RIN: Textured Human Model Recovery and Imitation with a Single Image

Human imitation has become topical recently, driven by GAN's ability to disentangle human pose and body content. However, the latest methods hardly focus on 3D information, and to avoid self-occlusion, a massive amount of input images are needed. In this paper, we propose RIN, a novel volume-based framework for reconstructing a textured 3D model from a single picture and imitating a subject with the generated model. Specifically, to estimate most of the human texture, we propose a U-Net-like front-to-back translation network. With both front and back images input, the textured volume recovery module allows us to color a volumetric human. A sequence of 3D poses then guides the colored volume via Flowable Disentangle Networks as a volume-to-volume translation task. To project volumes to a 2D plane during training, we design a differentiable depth-aware renderer. Our experiments demonstrate that our volume-based model is adequate for human imitation, and the back view can be estimated reliably using our network. While prior works based on either 2D pose or semantic map often fail for the unstable appearance of a human, our framework can still produce concrete results, which are competitive to those imagined from multi-view input.

Deeper or Wider Networks of Point Clouds with Self-attention?

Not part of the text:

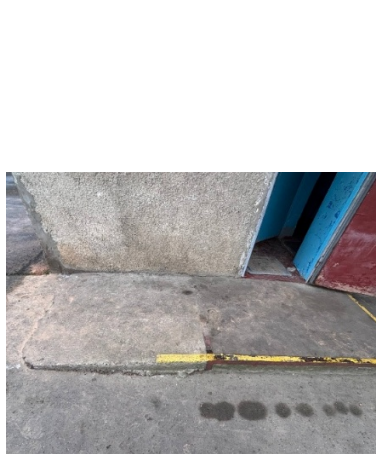
Новосавицький психоневрологічний будинок-інтернат:
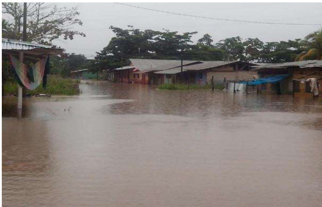
En la columna de fotografías se observa: el desborde del RIO CHIRIARI (RIO TSIRIARI) , afectando a la población del sector Tsiriari.

Prevalence of deeper networks driven by self-attention is in stark contrast to underexplored point-based methods. In this paper, we propose groupwise self-attention as the basic block to construct our network: SepNet. Our proposed module can effectively capture both local and global dependencies. This module computes the features of a group based on the summation of the weighted features of any point within the group. For convenience, we generalize groupwise operations to assemble this module. To further facilitate our networks, we deepen and widen SepNet on the tasks of segmentation and classification respectively, and verify its practicality. Specifically, SepNet achieves state-of-the-art for the tasks of classification and segmentation on most of the datasets. We show empirical evidence that SepNet can obtain extra accuracy in classification or segmentation from increased width or depth, respectively.